Ia mengungkapkan Rakerda ini juga diselenggarakan sebagai forum strategis dalam menjalankan agenda utama organisasi, yaitu:
1. Melakukan evaluasi terhadap pelaksanaan program kerja APJI Aceh sebagai bagian dari continuous improvement,
2. Menyusun dan menetapkan program kerja strategis yang profesional, terukur, dan responsive terhadap kebutuhan anggota serta perkembangan industri jasa boga,
3. Memperkuat sinergi dan kolaborasi antara pengurus, anggota, dan para stakeholders dalam mendukung pertumbuhan sektor jasa boga dan UMKM kuliner di Aceh,
4. Serta melaksanakan pengukuhan anggota Dewan Pimpinan Daerah (DPD) APJI Provinsi Aceh, sebagai bentuk legalitas organisasi, penguatan struktur kelembagaan, serta komitmen bersama dalam menjalankan roda organisasi secara profesional dan bertanggung jawab.

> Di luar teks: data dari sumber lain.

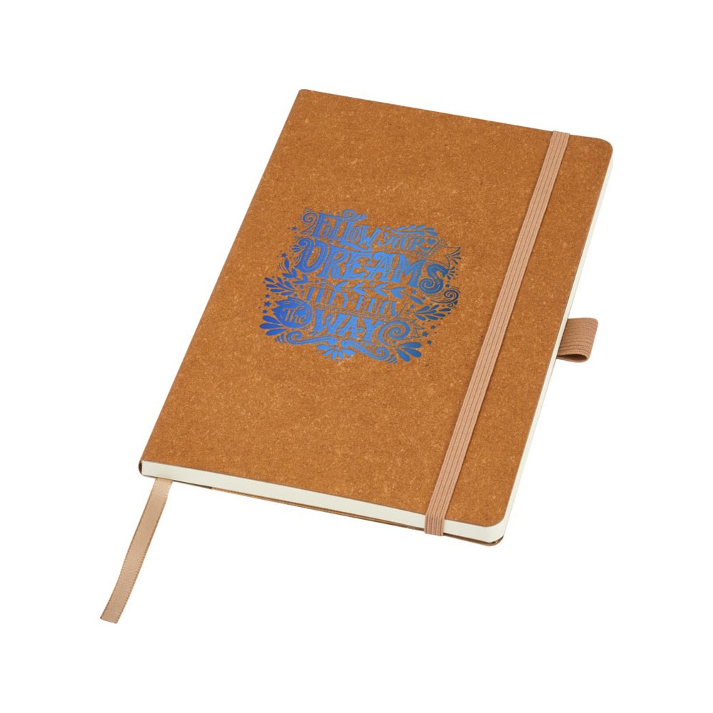 Блокнот из переработанной кожи с эластичным ремешком, петлей для ручки, закладкой, карманом из крафт-бумаги и 80 линованными листами кремового цвета из бумаги, переработанной по стандарту (70 г/м²). Обложка из переработанной кожи является стильным и износостойким верхним слоем, защищающим страницы внутри. Одним из преимуществ использования блокнота из переработанной кожи является комбинация стиля и экологичности. Уникальная текстура и внешний вид переработанной кожи придают каждому блокноту отличительный характер и индивидуальность.
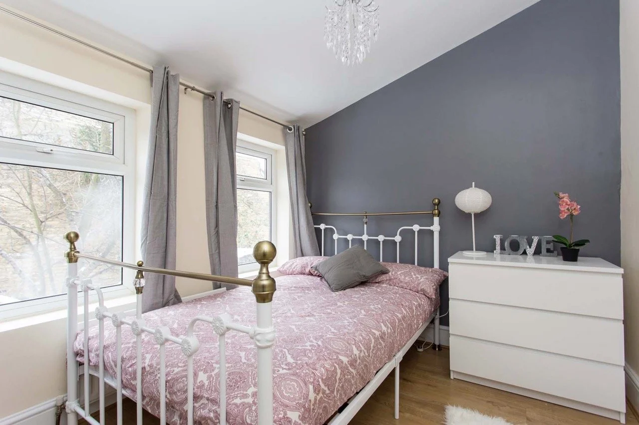 Each room is beautifully decorated with a feature grey wall, and white furniture. The property is on a quiet residential street, and just a 3 min walk away from Waitrose. The property has a beautiful communal lounge with an LCD Smart TV.
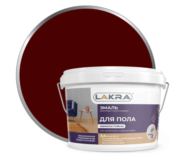 —Краска акриловая для пола красно-коричневая 2,4 ЛАКРА
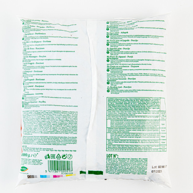 Условия хранения : Продукция хранится в сухих, чистых морозильных камерах при температуре -18°С. Выньте замороженное фруктовое пюре из упаковки и разморозьте при комнатной температуре (2,5 часа) или в холодильнике на ночь. Возможна быстрая разморозка с помощью микроволновой печи при разморозке. после разморозки хранить в холодильнике и употребить в течение 24 часов.
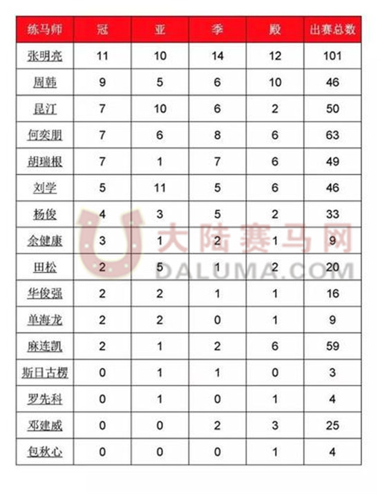 练马师排行榜练马师排行榜
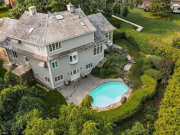 Perched on the top of the Escarpment on a private culdesac above Mountain St. you will find this magnificent quality custom built, timeless design, meticulously cared for one of a kind home that specifically took advantage of the incredible views of the Toronto skyline on clear days & fantastic sunsets. The 2 main levels have over 2600 sq ft plus another 1600 sq ft, yours to complete in the bright basement level with 9' ceilings & walkout to the peaceful pool area & patio that offers nature & privacy. Driving up the interlocking driveway you will capture the workmanship of the detailed architecture, brick work & beautiful cedar shake roof before you enter through the arched front porch into a stunning foyer with soaring ceilings & winding staircase. Walk into the massive grand living rm/parlour that can be a cozy sitting area with the gas FP & endless built-in custom cabinetry or entertain a household of guests, it's that big. Sorry, but the grand piano leaves with the seller! The natural light filled rm has 10' coffered ceilings, 9 layer crown moulding, windows with views from all sides & sliding doors to a quaint patio. The formal dining rm is an extension of the living rm with more stunning views which leads to the large thoughtfully designed kitchen with an island as the center piece. Down the hall on its own separate wing is a comfortable main floor bedrm currently used as an office/den. The 33' double door garage fits 2 cars plus your hobby car, workshop & still room to spare. The upper level at the top of the staircase case off to the left is the ever expanding master bedrm where you will truly benefit with the breathtaking views, city lights & on certain days clearly see the CN Tower & Sky Dome over Lake Ontario. Continue through to the master bath & huge walk-in closet. The 2nd upper bedrm has an ensuite privilege bath. Enjoy the convenience of the 2nd floor laundry rm. Outdoors the mature trees & landscaping frame this special home over looking the city.
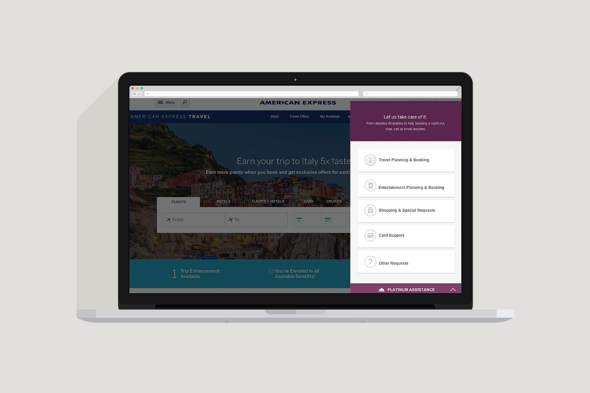 Two rounds of qualitative research with Platinum customers were conducted to surface gaps, insights and opportunities, as well as validate the final design and content solutions. The final strategy delivered content guidelines, a personalization strategy, recommendations and screen prototypes. The comprehensive strategy helped informed the brand’s larger communication relaunch last year. The new enhanced trip itinerary offers trip perks and enhancements in context (a hotel room upgrade, a hard-to-book restaurant reservation, an available airport lounge, etc.) based on travel preferences and history. The new chat bot feature helps better direct customers to the right assistance channel, whether this be booking questions, site help or Concierge service.
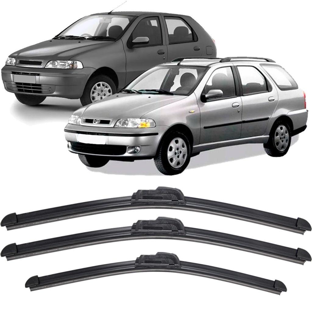 Kit 3 Palhetas Limpador Parabrisa Dianteiro + Traseiro Para Carro Fiat Palio G2 2001/2007
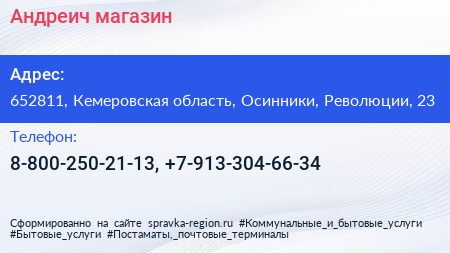 Андреич, магазин по адресу 652811, Кемеровская область, Осинники, Революции, 23 в дальнейшем Организация, размещена в следующих категориях:
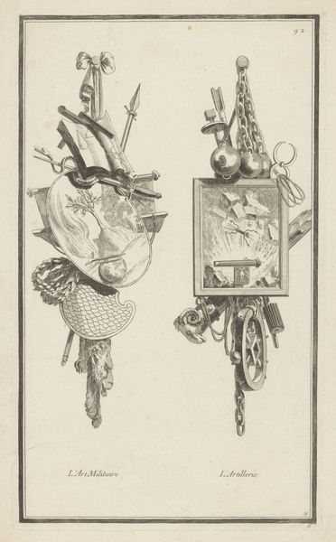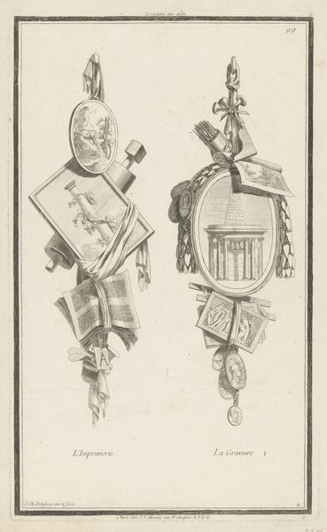 Jean Charles Delafosse created this print titled "Schilderkunst en poëzie", or "Painting and Poetry," in the 18th century. It’s part of the collection at the Rijksmuseum. The image presents allegorical representations of painting and poetry, framed within decorative cartouches typical of the Neoclassical period. These motifs reflect the era's emphasis on order, reason, and the revival of classical art forms. Consider how the image creates meaning through visual codes: the artist uses established symbols to celebrate the arts, reinforcing their cultural value in French society. During the 1700’s, institutions like the Royal Academy played a crucial role in shaping artistic standards and tastes. Delafosse’s work reflects this institutional influence, but we can also think of how artists of the time questioned these establishments and how the politics of imagery either supports or disrupts these institutions. To delve deeper, consider researching the role of art academies in 18th-century France. Examining period texts and critical responses to Delafosse’s contemporaries might reveal the nuanced social dialogue this print engages in.

“Pengukuhan anggota DPD APJI Provinsi Aceh ini diharapkan menjadi momentum untuk mempertegas peran, tanggung jawab, dan komitmen seluruh anggota dalam mewujudkan transformasi APJI Aceh menuju organisasi yang solid, berdaya saing, dan berkelanjutan,” ungkapnya.
Rakerda ini turut dihadiri Ketua Umum DPP APJI Tasyha Megananda Yukki yang juga akan mengukuhkan pengurus DPD APJI Aceh.
“Kami juga mengucapkan terimakasih kepada beberapa sponsor dari Sari Roti, Yakult Indonesia, Yayasan Meupakat Bangun Nanggroe, Yayasan Lajuna Sepakat Meuseuraya, dan juga pihak lainnya yang telah membantu sehingga Rakerda APJI Aceh sekaligus Pengukuhan Anggota DPD APJI Provinsi Aceh tahun 2026 ini dapat terlaksana dengan baik dan sukses. Semoga kegiatan ini menghasilkan keputusan dan rekomendasi yang impactful dan practical, serta menjadi pijakan kuat bagi terwujudnya jasa boga Aceh yang profesional, berdaya saing, dan berkelanjutan,” tambah M Irfan.
Sementara itu, Ketua Umum APJI, Tasyha Megananda Yukki mengatakan, saat ini APJI terlibat aktif sebagai bagian dari Satgas MBG yang bergerak mendampingi pelaksanaan Program Makan Bergizi Gratis di berbagai daerah di Indonesia.
Menurutnya, dalam hal ini peran APJI bukan sebagai pengawas, tetapi juga sebagai mitra pendamping yang membantu memastikan kualitas operasional dapur berjalan lebih baik, mulai dari penguatan Standar Food Safety, Sanitasi dan Higiene, Manajemen Dapur, Pengelolaan Distribusi dan Kualitas Makanan, hingga Peningkatan Kompetensi SDM serta Standar Kebersihan Dapur MBG.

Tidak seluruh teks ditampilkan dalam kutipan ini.